Also note, DeepSeek-Coder-V2 was released in March-24, and stands out as a cutting-edge code generation model, pushing the boundaries of AI-assisted programming. With its impressive 236B parameter Mixture-of-Experts architecture, it demonstrates remarkable proficiency in understanding and generating code across multiple programming languages. This model excels in tackling complex coding tasks, offering developers a powerful tool that combines vast knowledge with contextual understanding, potentially revolutionizing the way software is developed.

Supports for programming languages from 86 to 338, while extending the context length from 16K to 128K.

The deepseek official library itself has provided script finetune_deepseekcoder.py for users to finetune our models on downstream tasks.

The finetuning process is implemented in the finetune_deepseekcoder.py file, which can be found in the DeepSeek-Coder GitHub repository. This script utilizes the Hugging Face Transformers library and PyTorch to perform the finetuning.

I was able to finetune the 6.7b parameter model using 1 x H100 80GB SXM5 (80 GB VRAM and 251 GB RAM 24 vCPU).

The below script is for training with DeepSpeed. Install required packages using:

pip install -r requirements.txt

Prepare your training data following the Sample Dataset Format. Each line should be a json-serialized string containing instruction and output fields.

To explain more, each line in the training data file should be formatted as a JSON string containing two key-value pairs:

"instruction": The input or prompt given to the model.
"output": The expected response or completion from the model.

For example:

{
"instruction": "Write a function to calculate factorial",
"output": "def factorial(n):\n    if n == 0 or n == 1:\n        return 1\n    else:\n        return n * factorial(n-1)"
}

This format allows the model to learn from pairs of instructions and their corresponding outputs during fine-tuning.

To fine-tune deepseek-ai/deepseek-coder-6.7b-instruct, use the sample shell script below. Adjust DATA_PATH, OUTPUT_PATH, and hyperparameters (e.g., learning_rate, per_device_train_batch_size) as needed:

DATA_PATH="<your_data_path>"
OUTPUT_PATH="<your_output_path>"
MODEL_PATH="deepseek-ai/deepseek-coder-6.7b-instruct"

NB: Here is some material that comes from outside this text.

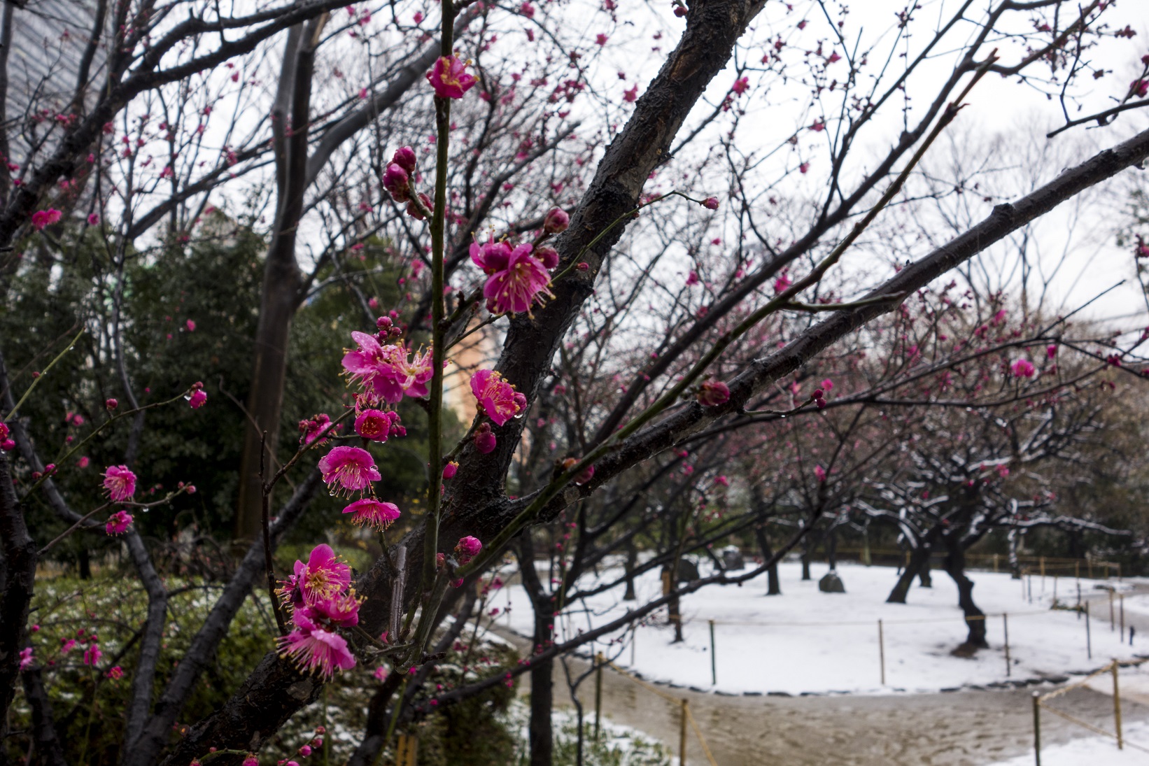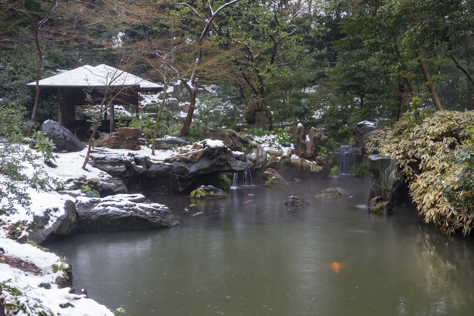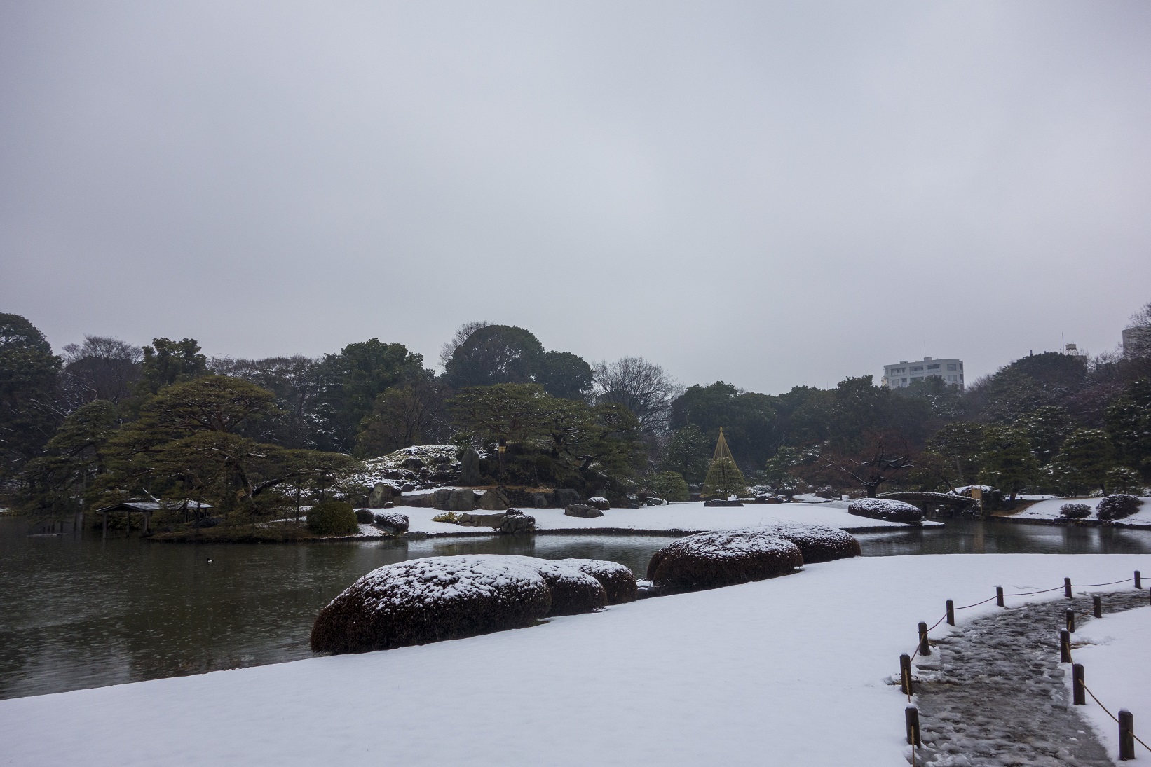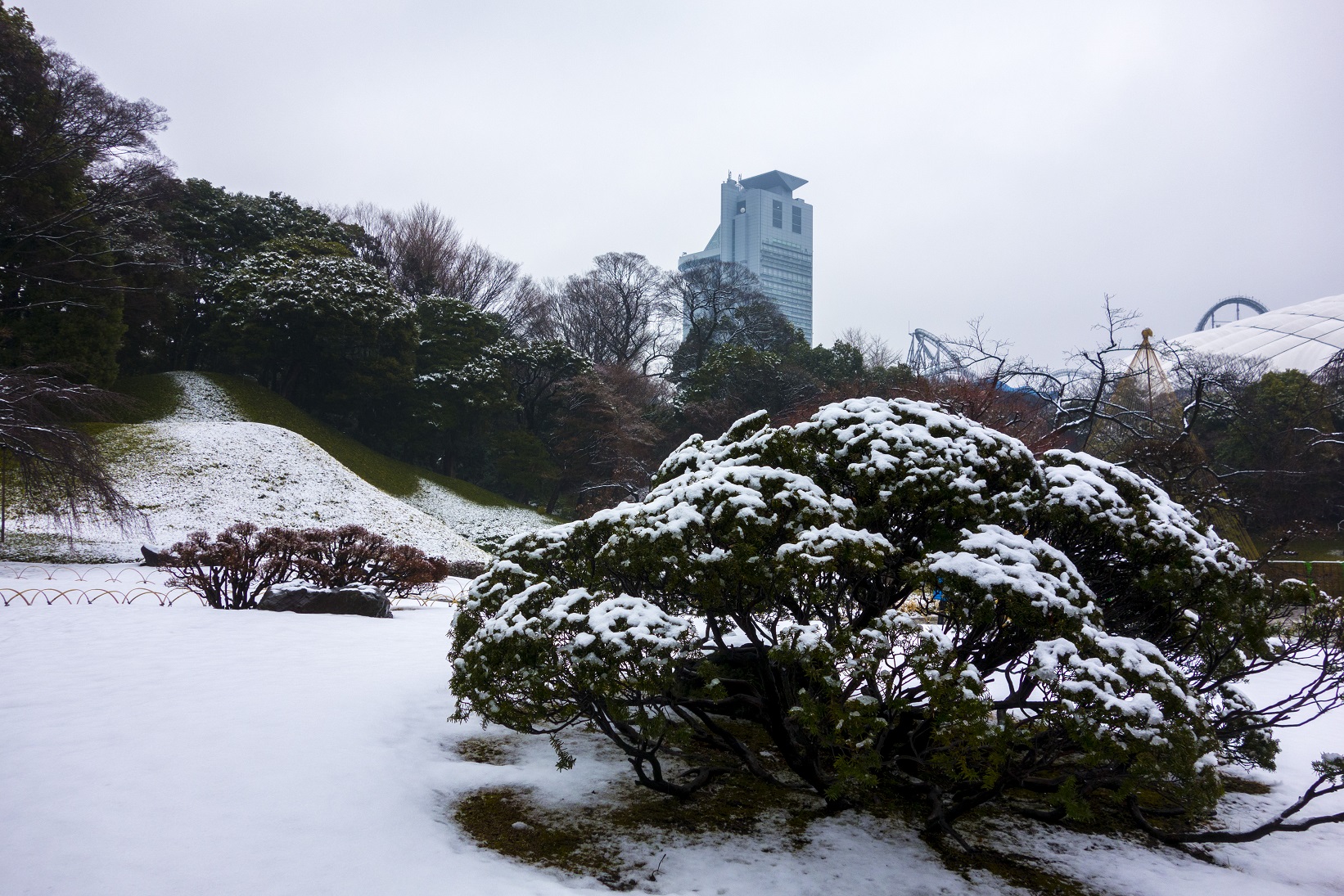 Je me suis donc précipité dans le métro, avec pour objectif deux jardins japonais de la partie nord du centre de Tokyo : le Koishikawa Korakuen d’abord, puis, à trois stations de métro, le Rikugien. Ces deux jardins créés au cours du shogunat Tokugawa (donc entre le XVIIe et le XIXe siècle) sont considérés comme les deux meilleurs exemples de l’art du jardin japonais à Tokyo. Ayant eu la flemme, après nos nombreuses excursions d’automne, d’effectuer des sorties « feuilles rouges » à Tokyo, je ne voulais pas rater cette occasion rare de capturer la magie de la neige en pleine ville.
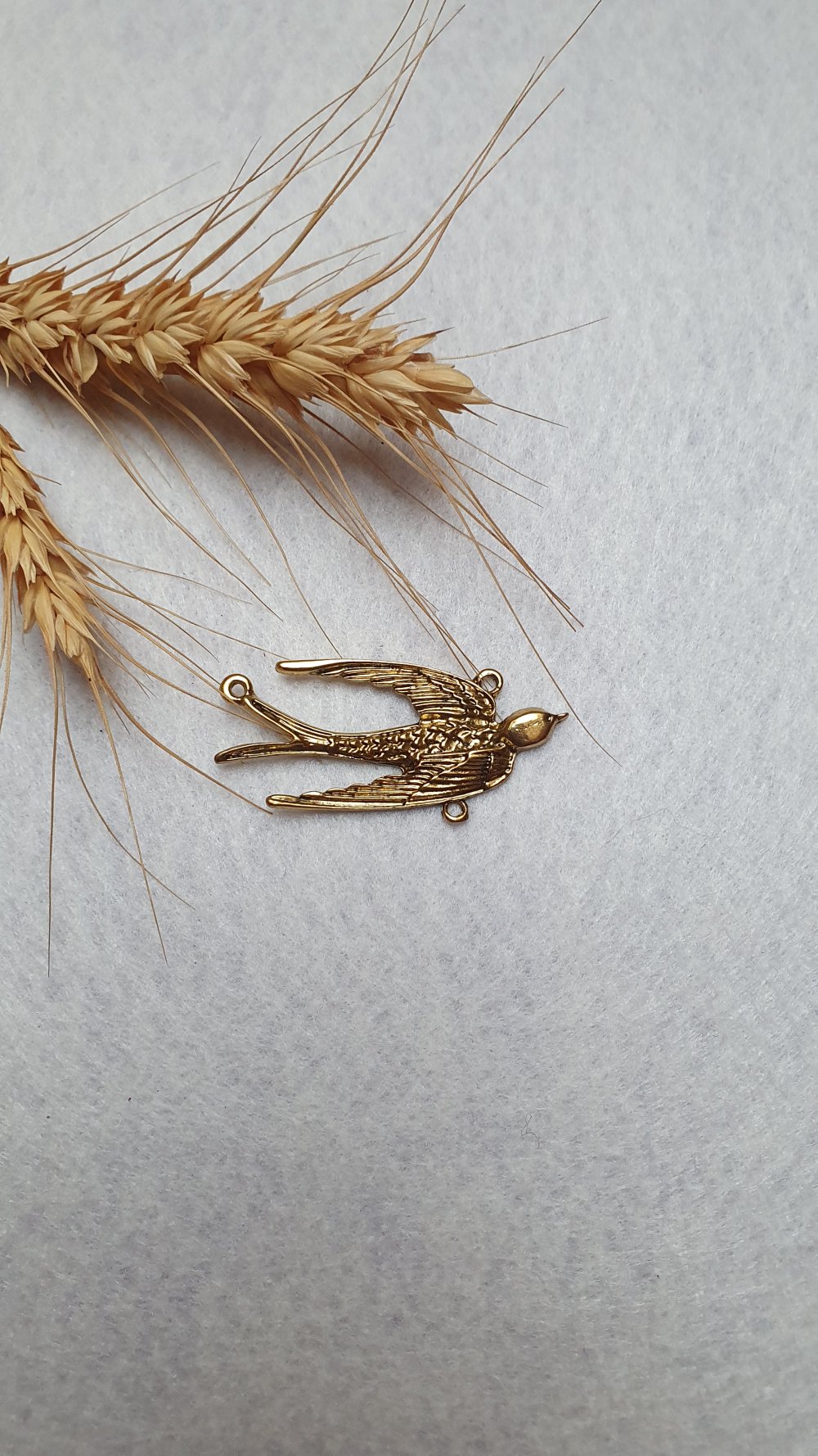 1 Pendentif connecteur n°2 bijou oiseau hirondelle colombe 49x26.5mm doré noir à 3 trous

deepspeed finetune_deepseekcoder.py \
    --model_name_or_path $MODEL_PATH \
    --data_path $DATA_PATH \
    --output_dir $OUTPUT_PATH \
    --num_train_epochs 3 \
    --model_max_length 1024 \
    --per_device_train_batch_size 16 \
    --per_device_eval_batch_size 1 \
    --gradient_accumulation_steps 4 \
    --evaluation_strategy "no" \
    --save_strategy "steps" \
    --save_steps 100 \
    --save_total_limit 100 \
    --learning_rate 2e-5 \
    --warmup_steps 10 \
    --logging_steps 1 \
    --lr_scheduler_type "cosine" \
    --gradient_checkpointing True \
    --report_to "tensorboard" \
    --deepspeed configs/ds_config_zero3.json \
    --bf16 True

Key Components of the Finetuning Process

1. Argument Parsing

The script begins by setting up an argument parser to allow customization of various training parameters. Some important arguments include:

model_name_or_path: The base model to finetune
data_path: Path to the training data
output_dir: Directory to save the finetuned model
num_train_epochs: Number of training epochs
per_device_train_batch_size: Batch size for training
learning_rate: Learning rate for the optimizer
max_seq_length: Maximum sequence length for input texts

Now lets go through the main file where the whole finetuning process is actually implemented i.e. in this finetune_deepseekcoder.py file

2. Model and Tokenizer Initialization

The script loads the pre-trained DeepSeek Coder model and its associated tokenizer:

model = AutoModelForCausalLM.from_pretrained(
    model_args.model_name_or_path,
    torch_dtype=torch.bfloat16,
    trust_remote_code=True
)
tokenizer = AutoTokenizer.from_pretrained(
    model_args.model_name_or_path,
    trust_remote_code=True
)

3. Data Preparation

The training data is loaded and preprocessed using a custom DataCollatorForCodeCompletionDataset class. This collator handles tokenization and formatting of the input data.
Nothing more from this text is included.